The findings challenge the Scarr-Rowe model, as genetic effects were not suppressed in less advantaged environments but rather magnified in lower-performing schools. This suggests that simply improving school quality across the board might not suffice to reduce achievement gaps linked to EA-PGI. The study emphasizes that the effects of EA-PGI and school quality cannot be considered independently. The significant school-level interaction highlights the importance of focusing on school-level interventions to address achievement inequalities. Because the interaction was latent, future studies should investigate specific aspects of schools that might explain these differences. The fact that measured school covariates did not account for the observed interaction underscores the need to better understand the underlying characteristics of schools that moderate genetic influence on academic achievement. The minimal impact of residential environments suggests that addressing neighborhood-level factors might not effectively reduce achievement gaps.

This study reveals a significant interaction between students' EA-PGI and school effects on educational attainment.
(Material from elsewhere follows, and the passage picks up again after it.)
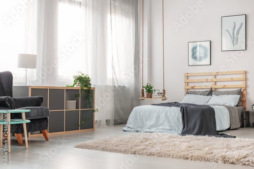 Fluffy White Carpet On The Floor Of Trendy Bedroom With King Size Bed With Wooden Headboard Posters On The Wall And Fashionable Swing As Nightstand Stock Photo Adobe Stock

Higher-performing schools provide a compensatory effect, particularly benefitting students with lower EA-PGI. Residential factors play a minimal role. Future research should focus on identifying specific school-level factors that modulate the influence of genetic predispositions on achievement. This comprehensive approach, integrating genetic and environmental data, provides valuable insights into the complex interplay of factors influencing educational achievement and offers guidance for policy interventions.
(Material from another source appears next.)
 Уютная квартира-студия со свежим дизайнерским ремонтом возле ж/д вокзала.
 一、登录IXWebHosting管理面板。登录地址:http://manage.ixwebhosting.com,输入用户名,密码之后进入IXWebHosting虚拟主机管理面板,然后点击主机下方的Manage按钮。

The study's generalizability is limited by the inclusion of only participants of European ancestry and potential non-random participation in the MoBa cohort. The current EA-PGI may not capture the full genetic component of educational attainment, and EA-PGIs were based on data pooled across contexts, potentially not reflecting the heritable components most sensitive to school and residential differences. While the study controlled for passive gene-environment correlation, active gene-environment correlation might remain, although this was mitigated by the absence of selective schools in Norway. The study primarily focuses on elementary and middle school; the effects may differ at the high school level.